YOLOv8 and YOLOv8-Ghost remained robust within the validation set, achieving accuracies of 0.940 ± 0.039 and 0.924 ± 0.047, mAP@50 of 0.854 ± 0.054 and 0.824 ± 0.056, F1-scores of 0.838 ± 0.042 and 0.785 ± 0.040, precisions of 0.836 ± 0.049 and 0.810 ± 0.108, and recalls of 0.844 ± 0.057 and 0.779 ± 0.102, which were all higher than those obtained from ResNet-50 (Table 6). The mAP@50 advantage over ResNet-50 (0.367 ± 0.043) was pronounced. Importantly, YOLOv8 achieved a recall of 0.890 for PFI4, which was numerically higher than GhostNet variant (0.627) and ResNet-50 (0.686).

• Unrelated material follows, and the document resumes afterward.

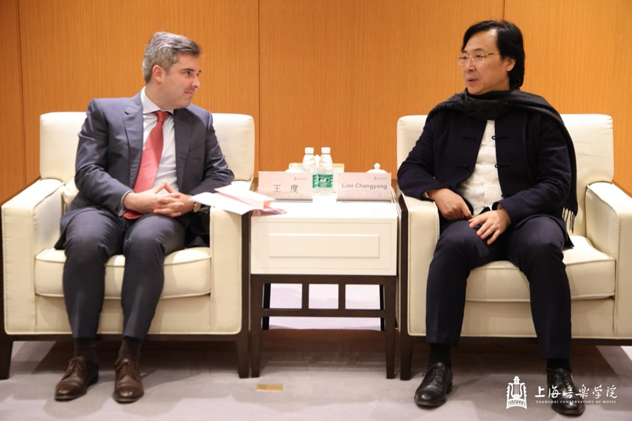 廖昌永对王度一行来访表示热烈欢迎和亲切问候。他强调:“上海音乐学院一直致力于打破国界,促进国际间的音乐与文化交流。我们期待通过这次会谈,继续加深与法国在艺术与文化领域的紧密合作。”廖昌永表示,2024年对于中法两国是意义非凡的一年,今年是中法建交60周年暨中法文化旅游年。上海音乐学院作为一流艺术高校,将积极推进2024上海音乐学院中法艺术节系列项目,以助力迎接这一历史性的篇章。此外,学院将承办第16届法国奥尔良国际钢琴比赛亚太分站赛,学院钢琴系系主任江晨将赴法担任复赛、半决赛以及决赛评委。同时,廖昌永透露,为了纪念法语歌剧《卡门》问世150周年,上音与法国波尔多歌剧院正积极制作中法联合歌剧。他希望在未来歌剧上演之际,总领事一行能够亲临现场,共同见证中法文化交流的重要时刻。

Customized grade-severity weight matrices were utilized for agreement analyses (Supplement S1.3.2). On the real-world set, ResNet-50 showed lower agreement (MGI weighted κ < 0.600 and PFI weighted κ ≤ 0.720). YOLOv8 and YOLOv8-Ghost achieved substantial agreement for PFI (Cohen’s κ of 0.788 and 0.720, corresponding weighted κ of 0.816 and 0.737), and moderate agreement for MGI grading (Cohen’s κ of 0.534 and 0.557, corresponding weighted κ of 0.645). Overall, YOLOv8 provided the highest agreement, while Ghost preserved clinically acceptable agreement with reduced complexity.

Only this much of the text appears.